[EXCERPTED RECORDS — start]

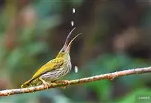 纹背捕蛛鸟:为太阳鸟科捕蛛鸟属的鸟类。是太阳鸟科中体型较大的一种,体重25-45克,体长160-210毫米。嘴粗长而尖且向下弯曲。上体橄榄黄色具黑色中央斑纹。下体淡黄白色满布黑色纵纹,尾具黑色次端斑。…全部>>
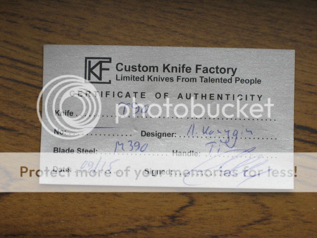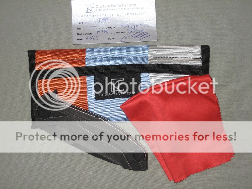 This is the Konygin T90 from Custom Knife Factory. It has just over a 4" M390 blade that rides on a ball bearing pivot and is 9.375" overall. The knife comes with a velcro pouch, micro fiber cloth, and a certificate of authenticity. It has never been carried or used and is in like new condition. I am selling for SOLD (includes all pp fees and shipping). I will ship CONUS only. First I'll take it with prompt payment gets it.
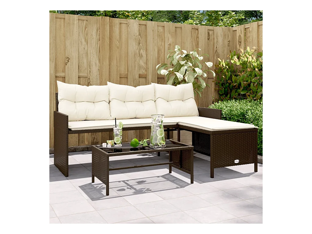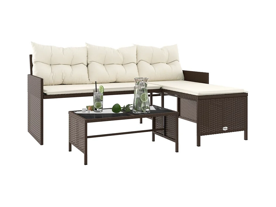 Tuinbank met tafel en kussens L-vormig poly rattan bruin BE927182
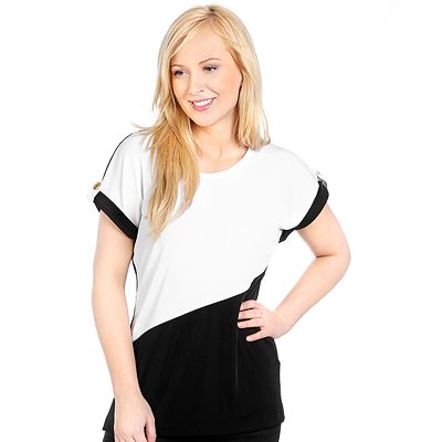 Dieses CITIKNITS Halbarm-Shirt mit rundem Ausschnitt und Colour-Blocking ist am angeschnittenen Ärmel mit kleinem Aufschlag und geknöpftem Riegel gearbeitet. Details
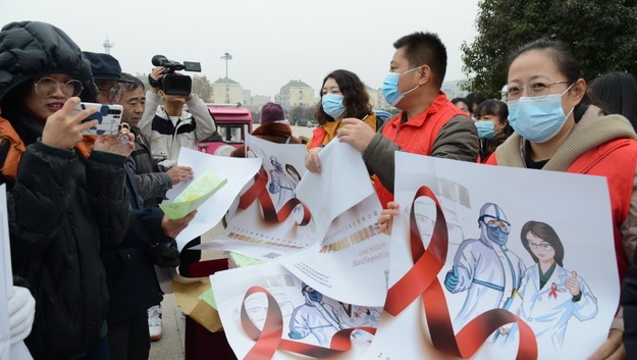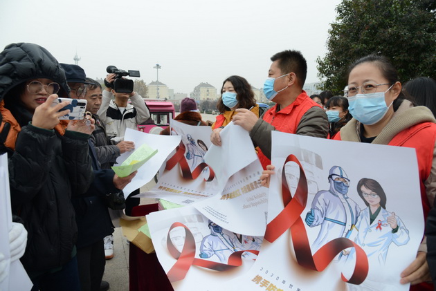 In Liaocheng in der Provinz Shandong werben Ärzte in der Öffentlichkeit für HIV/AIDS-Schutz.

[EXCERPTED RECORDS — finish]

▸ **REQUIRED ACTION**: Quote the records in full and exactly; skip any image.

▸ **ANSWER BOX**:
 纹背捕蛛鸟:为太阳鸟科捕蛛鸟属的鸟类。是太阳鸟科中体型较大的一种,体重25-45克,体长160-210毫米。嘴粗长而尖且向下弯曲。上体橄榄黄色具黑色中央斑纹。下体淡黄白色满布黑色纵纹,尾具黑色次端斑。…全部>>
 This is the Konygin T90 from Custom Knife Factory. It has just over a 4" M390 blade that rides on a ball bearing pivot and is 9.375" overall. The knife comes with a velcro pouch, micro fiber cloth, and a certificate of authenticity. It has never been carried or used and is in like new condition. I am selling for SOLD (includes all pp fees and shipping). I will ship CONUS only. First I'll take it with prompt payment gets it.
 Tuinbank met tafel en kussens L-vormig poly rattan bruin BE927182
 Dieses CITIKNITS Halbarm-Shirt mit rundem Ausschnitt und Colour-Blocking ist am angeschnittenen Ärmel mit kleinem Aufschlag und geknöpftem Riegel gearbeitet. Details
 In Liaocheng in der Provinz Shandong werben Ärzte in der Öffentlichkeit für HIV/AIDS-Schutz.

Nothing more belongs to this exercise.